Adam Roach is a Staff Engineer with 22+ years building highly available, real-time voice, video, and messaging systems and over a decade working in modern web technologies. He has driven large-scale media infrastructure and cost-saving platform work—most notably architecting a custom video ingest stack at Caffeine that saved the company six figures per month and enabled rapid partner onboarding. A pragmatic technical leader and IETF veteran, he’s influenced standards for SIP, WebRTC, and related protocols and contributes to notable open-source projects like resiprocate and the IETF datatracker. Adam excels at rallying cross-functional teams to ship ambitious features quickly—he prototyped an integrated co-pilot video feature in two weeks to secure executive buy-in—and translates complex technical tradeoffs clearly to both engineers and executives. Based in Dallas, he blends deep protocol-level expertise with hands-on backend development and a talent for improving engineering culture and operational efficiency.
22 years of coding experience
30 years of employment as a software developer
BS Computer Engineering, BS Computer Engineering at Texas A&M University
C++ implementation of SIP, ICE, TURN and related protocols.
Role in this project:
Back-end Developer
Contributions:1818 commits in 9 years 3 months
Contributions summary:Adam appears to be involved in the development of the SIP (Session Initiation Protocol) implementation, along with related protocols like ICE, TURN, and associated protocols. The contributions indicate the creation of a communication system, including the development of Gag messaging and a simple messaging protocol. The user has primarily been working on the back-end of the project, focusing on message handling and structure.

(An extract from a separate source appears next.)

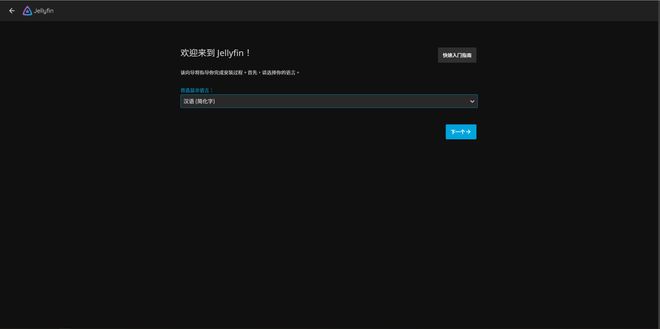 创建完成后点击“快捷访问”就可以进入jellyfin主页面,然后设置账号密码以及视频库。

The day-to-day front-end to the IETF database for people who work on IETF standards.
Role in this project:
Back-end Developer
Contributions:42 commits in 6 years 9 months
Contributions summary:Adam primarily contributed to the back-end functionality of the datatracker application, focusing on bug fixes and feature additions. Their work involved modifying Django views and templates to implement new features, such as adding a CSV output format and a page to view meeting slot requests. They also made code adjustments to improve the functionality of the week view and integrated updated data models. The user's contributions extended to updating URLs and settings.